By the locking issues I meant that something might be writing to the mbox file and not using the same locking mechanism as dovecot. And regarding to catching the error -- it'd be great if you can do that. I would suggest making a backup of the mbox file every 5 minutes and catching the POP3/IMAP connection using tcpdump or something similar (you would have to avoid SSL though). That might lead to the exact sequence of commands needed to reproduce the problem.
Is this ok ? Do you need other options ? #tcpdump -X port 110
I think `tcpdump -n -w dump.pcap -s 0 port 110' would be better, as it logs to a wireshark/tcpick-readable file and the packets would be stripped without the -s option.
(this seems to be a duplicate of bug 178683 in fact, so please look whether you can catch the error or tell me to close this as a duplicate -- this is really something that might not be worth fixing in 0.99.xx dovecot)
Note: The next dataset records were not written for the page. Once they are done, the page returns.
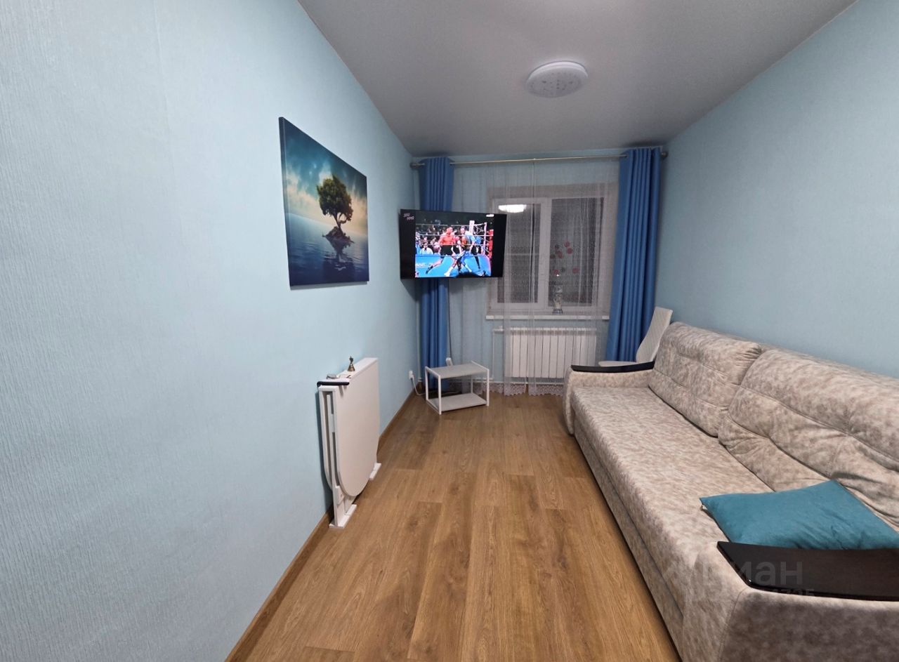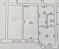 Жилая площадь 15,9 м2. Планировка: жилая комната 15,9 м2; кухня 9,3 м2; большая прихожая 6,8 м; санузел совмещенный 3,4 м2. Высота потолков 2,7 метра.
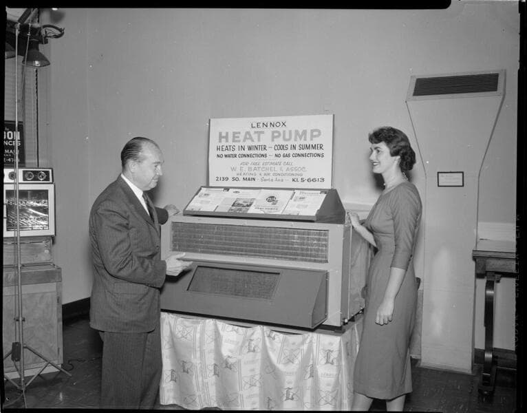 Edison exhibit [at Fairplex] showing electric living and Heat Pumps [with 14 variants] - some shots feature model at Heat Pump display and three of them are composite copynegs showing the model in two places.
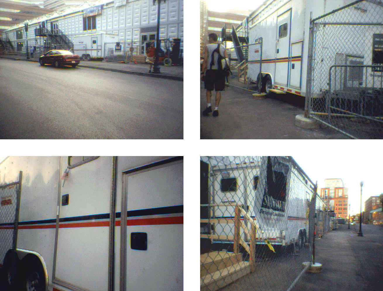 5. Unprotected telephone installation trailer.There are several of these Verizon special event communication trailer, and as you will no doubt notice there are no police or security people anywhere near it. Both the door, and the access panels are unlocked. Also, notice that the fence are not properly secured to the trailer, and that someone could easily slip between the trailer and the fence and gain full, unrestricted access to the DNC areas for hours at a time. These communications trailers are a major vulnerability as any damage to these during the DNC would cripple security and logistics (in the event of a security anomaly). Look carefully at the pictures and you may see a DNCC Security pass laying on the ground nearby (evidence of a clumsy workman). If someone were to pickup this security pass they could really cause some mayhem. |
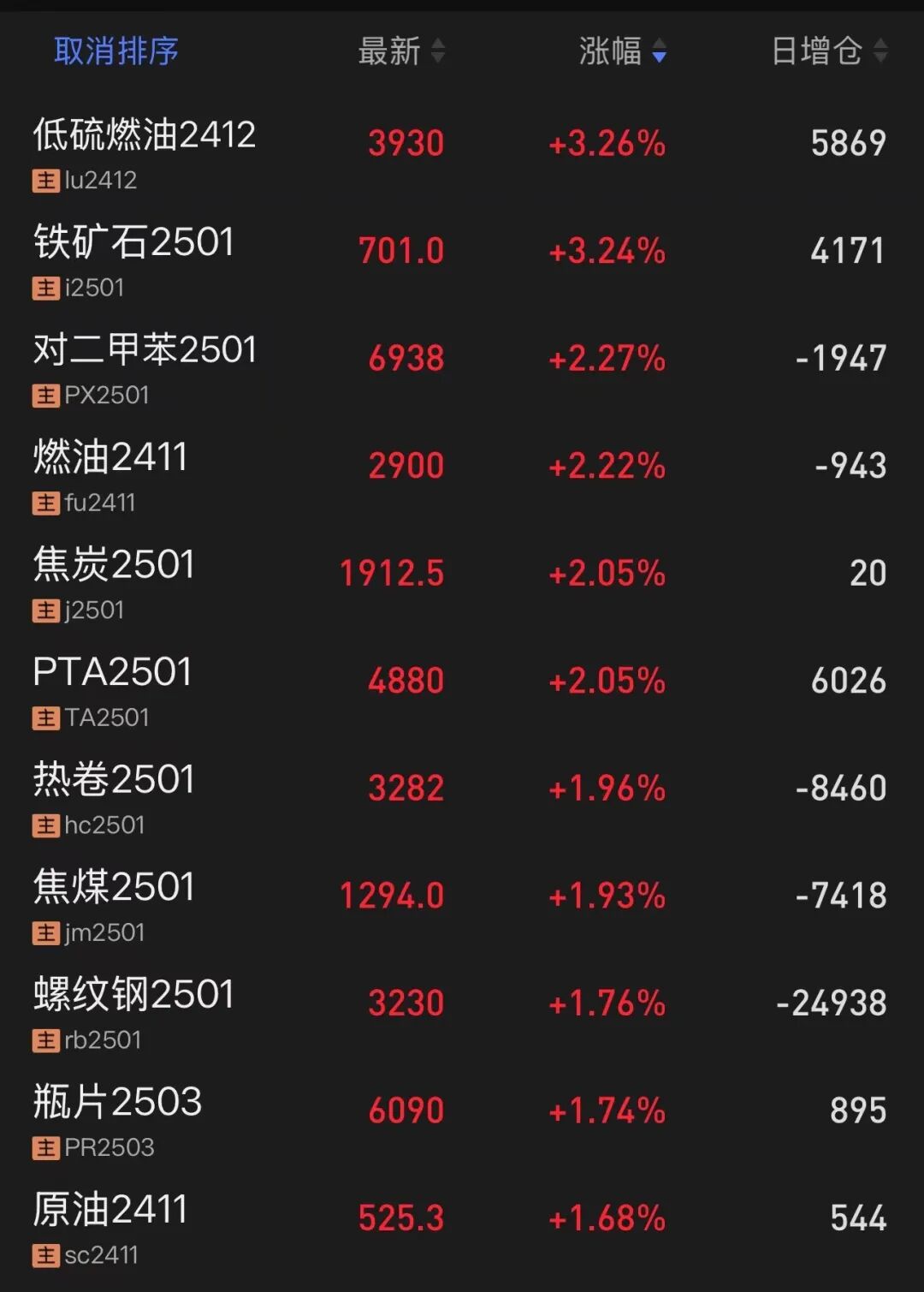 低硫燃料油涨3.26%,燃油涨2.22%,PTA涨2.05%,纸浆涨1.51%,玻璃涨1.43%,苯乙烯涨1.03%。

Yes, this bug and bug 178683 do appear to be duplicates. I'm not sure what you mean by saying the bug is not being worth fixing, however. This is a signficant problem for us and certainly seems like it's worth fixing to me. Or do you mean that you could avoid fixing 0.99 by upgrading dovecot to a newer version? I'd be happy with that. All I care about is that the problem stops occurring, but I don't care whether that happens by fixing 0.99 or replacing 0.99 with a newer version.
Yes it does appear to be duplicated. I pray the resolution is not duplicated. I understand the problem. As I understand it, dovecot 1.x uses a different config file vs. the .99 versions, so a direct upgrade may not be an option. The .99 versions were a beta program. I guess I have to ask why Redhat chose to deliver a beta program when cyrus is so well developed. I do understand that dovecot outperforms cyrus which is positive. However, this does not help us with the problem of the random one in several hundred email accounts which gets corrupted every couple of weeks. It's an embarrassment and not quality service to our clients. Multiply that by 1000s or ten of thousands of email accounts and the issue becomes a headache. Trying to catch the problem randomly across that many email accounts is no small task. If this issue is not going to be resolved, what would you suggest we do? Switch to cyrus? Manually upgrade to dovecot 1.0?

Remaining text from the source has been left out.